Чубатый, не задумываясь, заорал «долой!», а для убедительности сунул в рот сдвинутые колечком пальцы и выдал пронзительный, как игла, свист. Игорь Иванович, напротив, задумался, ему всегда делалось не по себе, когда он слышал, как похваляются убийством по убеждению. Он видел, как длинный худой Кузьмин в долгой кавалерийской шинели жег толпу мрачным взглядом глубоко посаженных глаз, как вытягивались его впалые щёки, как открывался и закрывался его прямой рот, казалось, никогда не знавший улыбки, как махал он рукой с широченными обшлагами, видел всё, но не слышал и не понимал ни слова.

— Помните, — кричал бесстрашный Кузьмин многотысячной толпе, — помните, что можно говорить о своих нуждах, о том, что там-то нужно исправить, но исправлять — не значит идти на восстание! Помните, что Кронштадт со всеми своими кораблями и орудиями, как бы грозен он ни был, только точка на карте Советской России!

«Постреляли, хватит!..», «Нечего нам грозить, не то видали!..», «Гони, гони его!», «Долой!..».

На трибуну попёрла уже всякая шваль вроде коменданта тюрьмы с истерическими речами против коммунистов.

Игорь Иванович совершенно не обращал внимания на чубатого из третьей котельной, а тот хватался ладонями за подмерзающие уши, скалился, что-то выкрикивал, свистел так, что звенело в ушах у стоявших рядом. Скалившихся, свистевших и орущих кругом было полно…

Да, здесь бы им и приглядеться друг к другу, может, и познакомиться как-то получше, пока не повязаны ещё общей бедой, пока души-то были открыты, у чубатого вся нараспашку да и у Игоря Ивановича приоткрыта в большей степени, чем в другие моменты его короткой жизни; хоть бы на ногу друг другу наступить, толкнуть, хоть и ненароком, в глаза друг другу взглянуть, запомнить… Только нет глупее занятия, чем подсказывать истории возможные пути ее развития в далеком прошлом, особенно в то время, когда и на сегодняшние ее пути великое множество людей, не только читающих, но и пишущих, не имеют ровным счетом никакого влияния.

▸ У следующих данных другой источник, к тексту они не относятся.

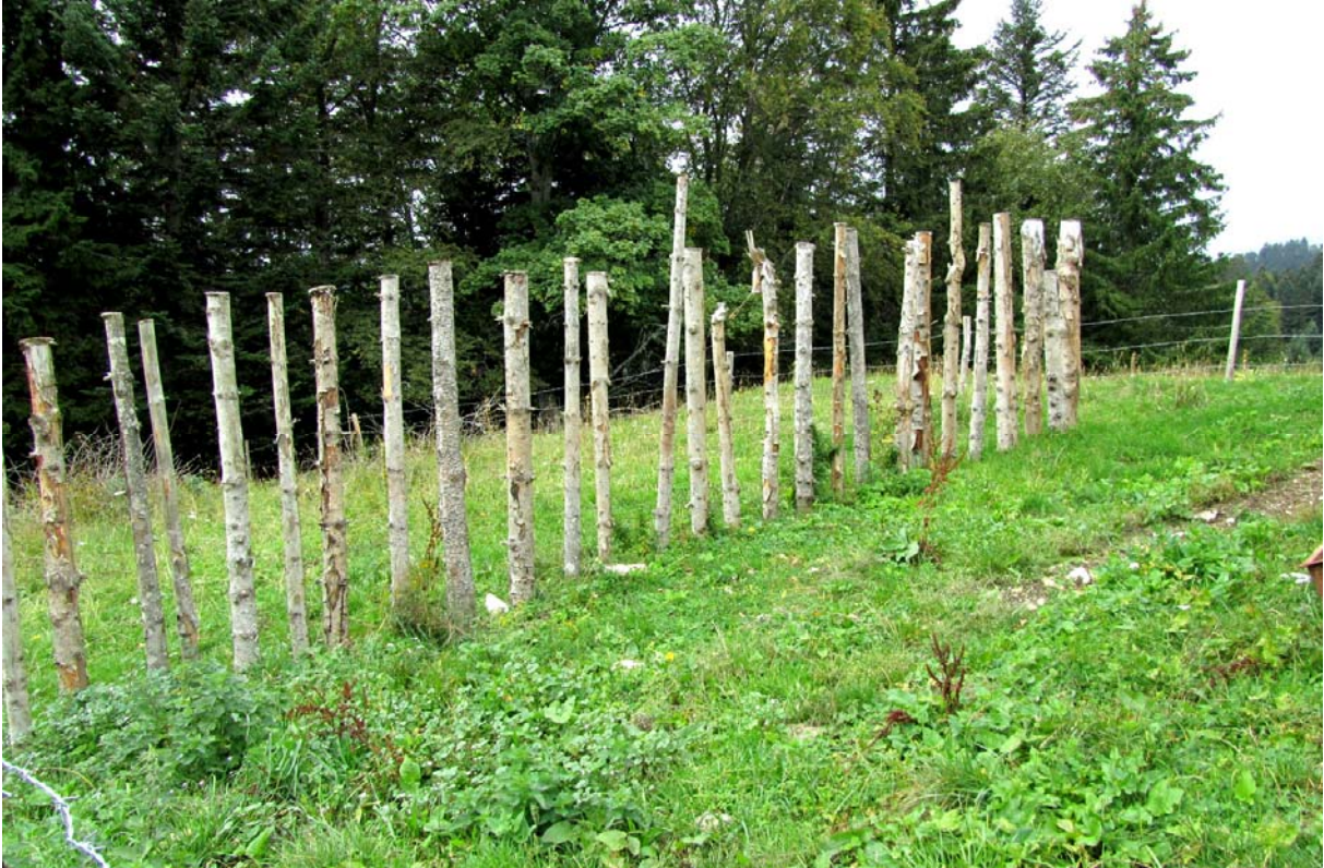
Ici l'on cultive. Mais quoi ?

 Здесь самое время указать на то, что хотя чубатый был в отличие от Игоря Ивановича и статным и рослым и усы у него не в пример жиденькой поросли хранителя боезапаса росли густо, тем не менее сходства в них было больше, чем могло показаться на первый взгляд.

Сходство состояло в том, что этот, с мандолиной, ничего не понимал, хотя и думал, что понимает всё, и был переполнен энтузиазмом. А Игорь Иванович просто ничего не понимал, хотя и чувствовал полутехническим своим умом, что за видимой стороной событий есть какой-то скрытый от него механизм, ход действия которого он никак не мог ни рассчитать, ни вычислить, а потому и был, как всегда, далёк от бурных эмоций.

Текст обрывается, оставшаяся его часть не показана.